As the stylist and her team measured me, and prodded at me, chatting about the marvellous society debut that awaited me in Monaco, my heart sank into my toes. I didn’t object to any of it, and an hour later, after they had left and Renzo appeared looking sheepish, I pretended that I was still excited about the ball, and that I was happy to accept the beyond generous new wardrobe so I wouldn’t feel out of place at the event.

But as he made fierce passionate love to me that night, forcing me to three brutal orgasms before finding his own release, and then left the room while he thought I was sleeping, my heart swelled painfully in my throat and tears scalded the back of my eyes.
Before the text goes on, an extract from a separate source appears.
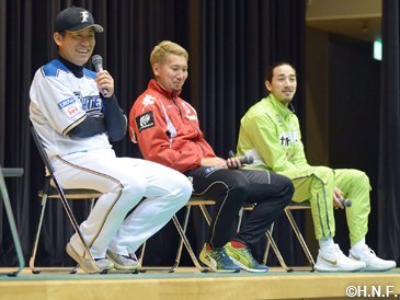12月10日(日)に釧路市の「湿原の森アリーナ釧路」で開催された「スポーツの楽しさを学ぼう ジュニアスポーツチャレンジ!」に、北海道日本ハムファイターズの黒羽根利規選手が北海道コンサドーレ札幌の福森晃斗選手、レバンガ北海道の牧全選手とともに参加しました。スポンサーとして3チームを応援するサッポロビール株式会社北海道本社、日本航空株式会社北海道地区、株式会社北海道新聞社が連携して初めて開催した合同スポーツ教室で、この6社がいずれもパートナー企業として参画する「北海道150年事業」の一環で実施されました。

Our affair would be over in five days’ time, and I refused to risk ruining the short time we had left together with anything deep or heavy. But that meant burying the pain and the truth about the miscarriage back inside me again—which had been threatening to spill out for weeks now without me even realising it. But far worse, it meant pretending I hadn’t fallen hopelessly in love with the man that reckless playboy had become.

CHAPTER FIFTEEN

Five days later... In Monaco

Renzo

MYBREATHGOTtrapped in my lungs and the familiar heat pooled in my groin as I stood in the doorway to Jessie’s adjoining suite on the upper floors of Dante Allegri’s Inferno Casino.

We had arrived in Monaco that afternoon on the Destiny Inc helicopter, and I had been ushered out of her suite two hours ago, so that the stylist and her crew could prepare Jessie. But I had heard them finally leave moments ago.

I watched as Jessie stared at her reflection in the mirror, now, unaware of my presence.